Every year at Ngoana Jesu Secondary School, ntate Lemphane had the students of his agriculture class sow their own plot of moroho using seeds of a couple different types of greens (rapa e tala and rapa e putsoa), which I’m pretty sure we call turnip greens and collards in American English. When the students’ moroho got to about the size of mine in the photo above, the women who cooked the school lunches harvested them, boiled them in big black cauldrons, and served them with papa. It was my favorite lunch of the school year.

The moroho was tender, crisp, sweet and spicy — it was everything that moroho could hope to be. It wasn’t mushy like cabbage could be, nor was it bitter like chard (“spinach” Basotho call it). It was the best moroho I ever tasted.

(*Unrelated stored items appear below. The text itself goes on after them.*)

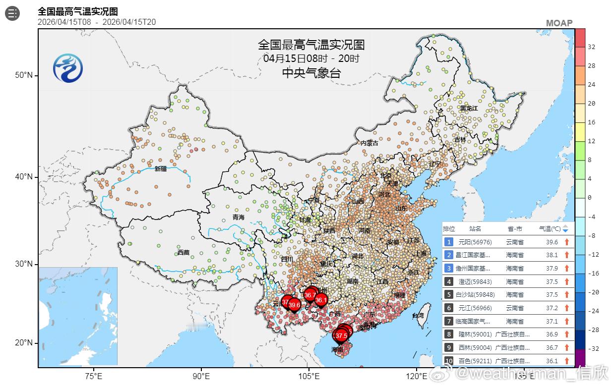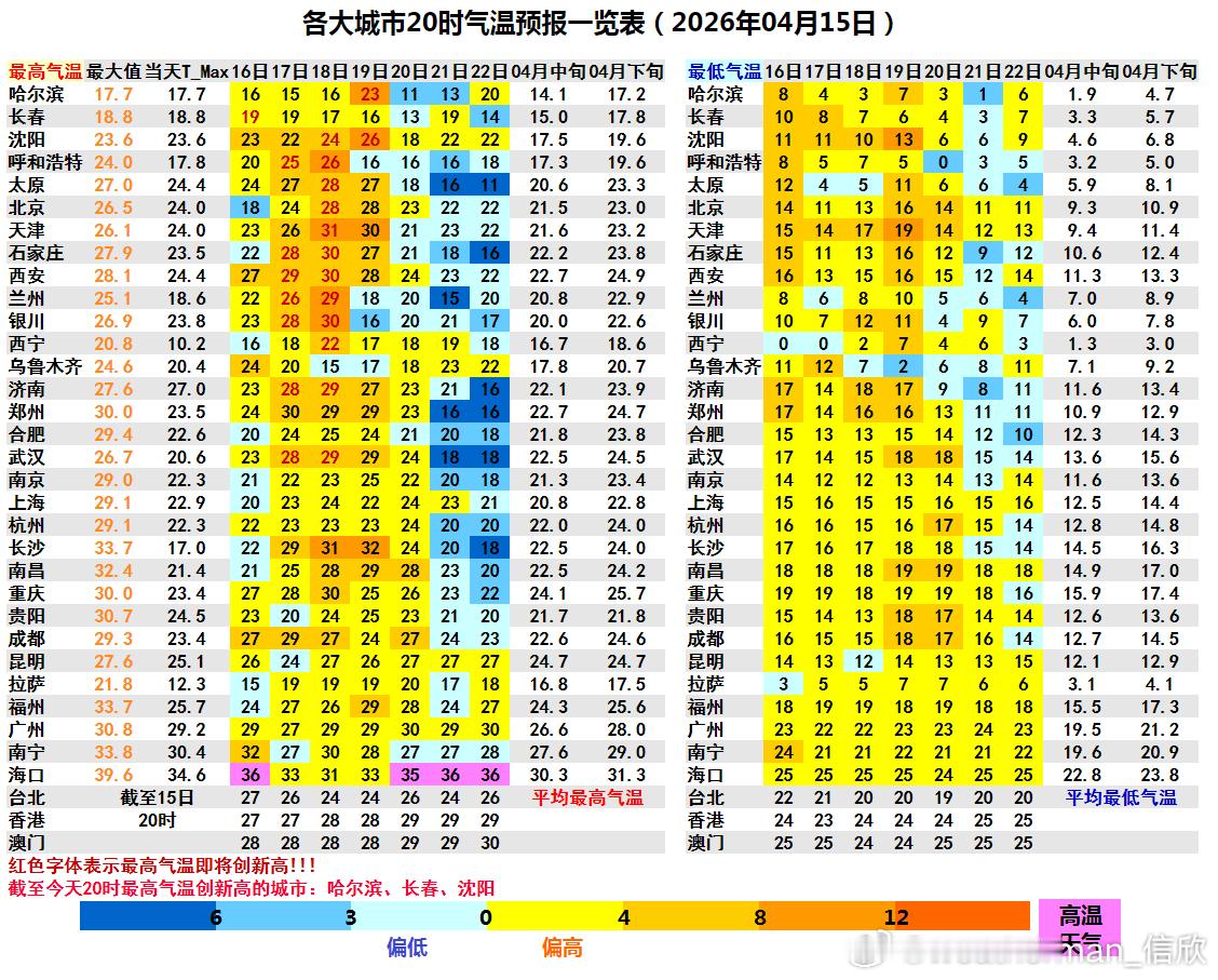 【气温】关注三个方面:海南高温,气温创新高,气温波动。今天海南高温减弱,海口34.6℃退出高温,当地4月最长连续高温纪录定格在10天。澄迈今天最高37.5℃,连续40℃酷热也告一段落。明天海口不排除还有高温,17-19日无高温。20日以后高温可能再返场。
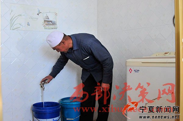 在海原水務(wù)局曹洼水利工作站站長牛志遠(yuǎn)的帶領(lǐng)下,我們來到了白崖村村民馬正海的家。這是個干凈整潔的院落,兩間并排的磚瓦房,步入屋內(nèi),馬正海正在教老伴如何使用洗衣機(jī)。“50多歲了第一次用洗衣機(jī),還不會操作呢” ,馬正海的老伴笑著說,“今年4月家里通上自來水,前陣子就去買了臺洗衣機(jī),這在之前想都不敢想。”
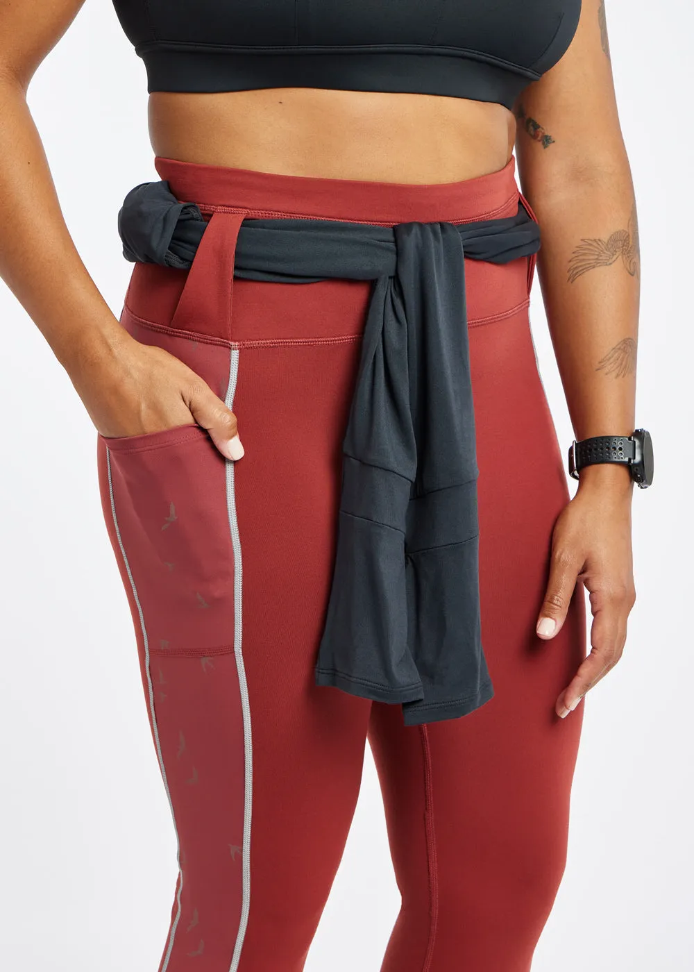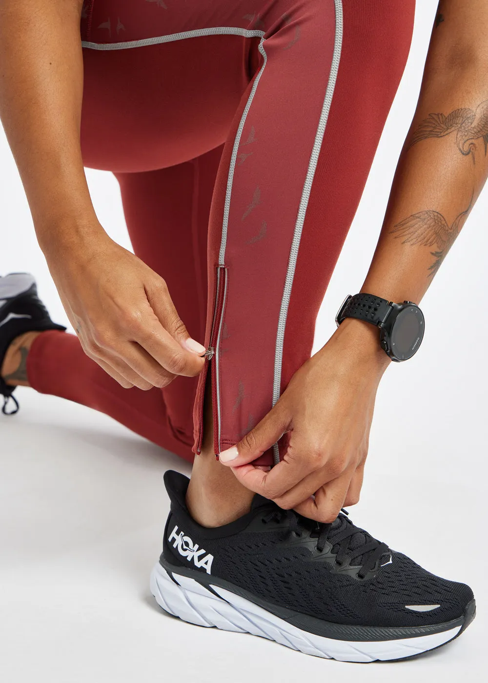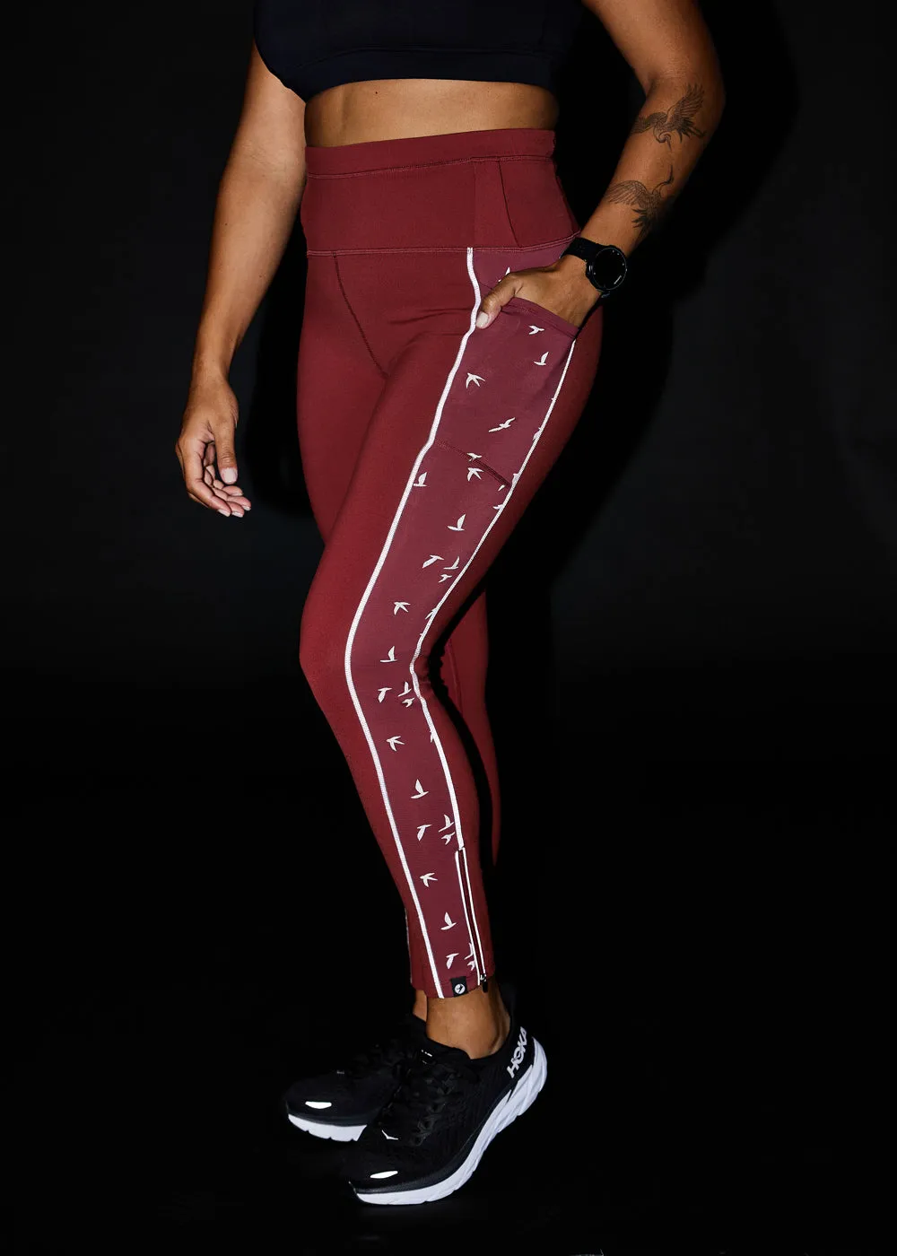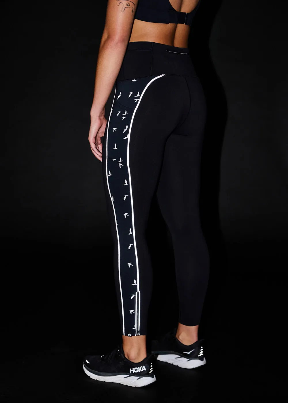You glow, girl. Stay warm and turn heads in this ultra-high-rise addition to our safety-first Firecracker line. Our compressive Nyelle fabric will keep you warm, while the reflective seaming at the sides will ensure that you're seen by drivers and cyclists. Zipper openings at the leg make for an easy-on, easy-off experience and even the zippers on the outseam hem are reflective! Get a little too toasty on your run? We've thought ahead and added utility belt loops to the waistband, making it easy to loop your top layer through it and keep on running. Pack your phone, keys and a gel in the side pockets or back center pocket, and you're ready to hit the road at any hour of the day.
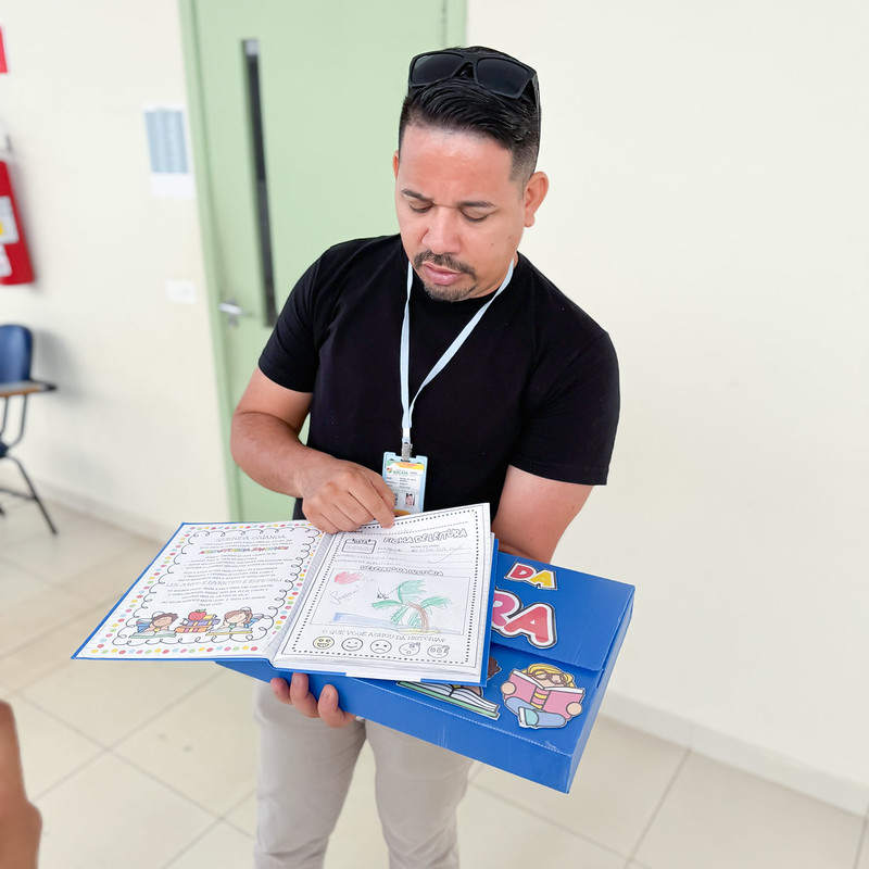 O professor Maciel Mendes, do 1º ano do Ensino Fundamental da Escola Municipal Elita Nunes, fez uma breve demonstração de seu projeto “Maleta da Leitura”, que estimula a criança a desenvolver sua leitura e escrita com a ajuda da família, uma vez que o material é levado para casa e as atividades são construídas em conjunto com os pais.
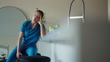 A nurse in blue scrubs leans on a kitchen stool, resting her head on her hand in a modern kitchen. The scene portrays exhaustion and a quiet moment of relief, emphasizing the demanding nature of healthcare work and the need for self-care.
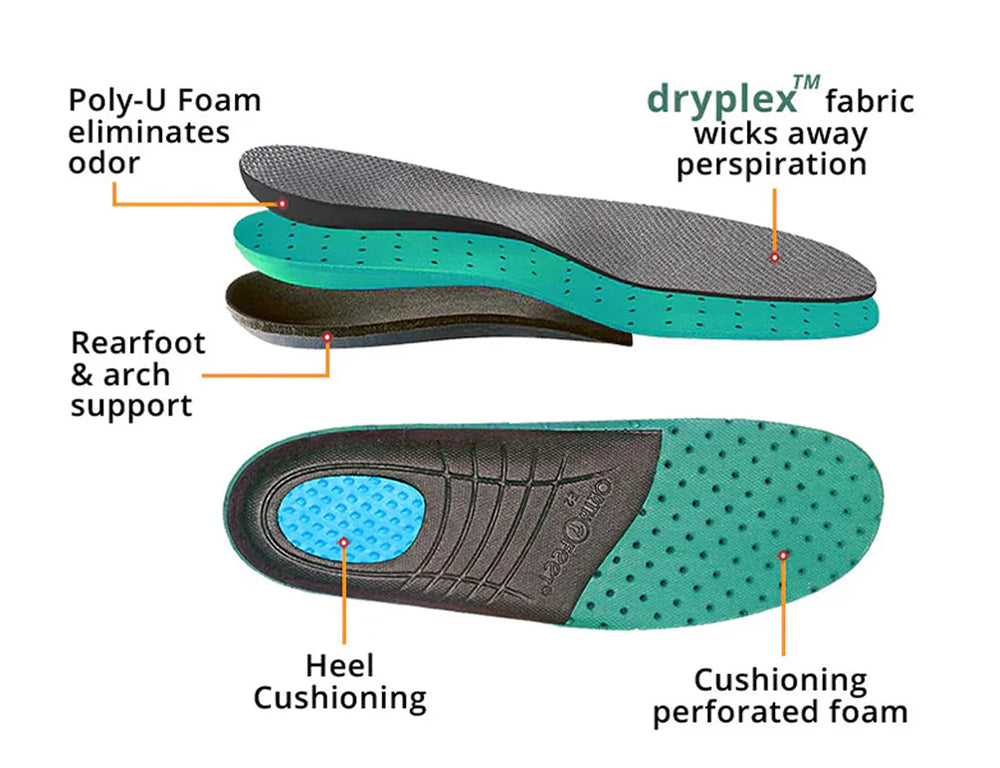 Innovative Ortho-Cushion™ System with premium orthotic insole and ergonomic cushioning sole soften impacts, improves the ease of walking and adds spring to your step.
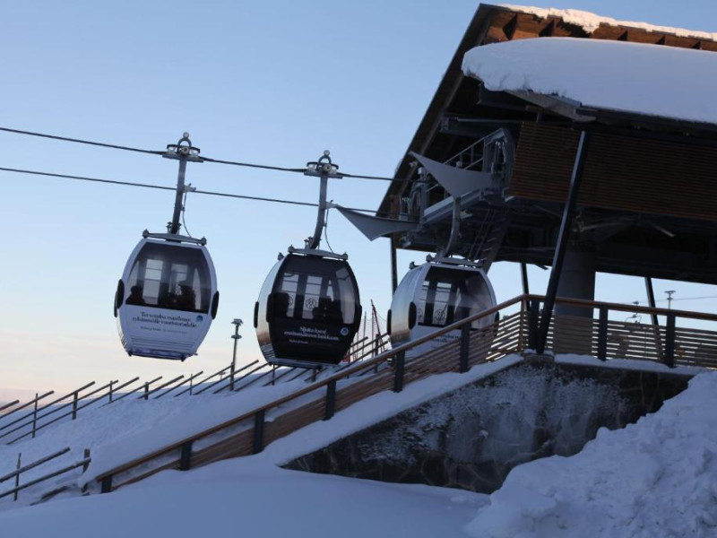 La doar cațiva pași se află centrul de activități Levi, unde turiștii pot rezerva excursii cu sania trasă de caini husky sau safari-uri cu snowmobilul.

Well, I harvested this stuff in the photo, I did it at just the time I remember ‘me ‘Makopano and the other cooks doing it, and I cooked up some papa to go with it. Brought me back to sitting in that staff room, eating with my right hand off of a tin plate, listening to the tin roof tick as it heated under the afternoon sun, hearing ‘me ‘Masamuel shout at a female student to fetch her a cup of water after she’d eaten.

I can’t say that my moroho tasted quite as good as those school lunches, but for its effect in briefly transporting me back to Ts’oeneng it was magical.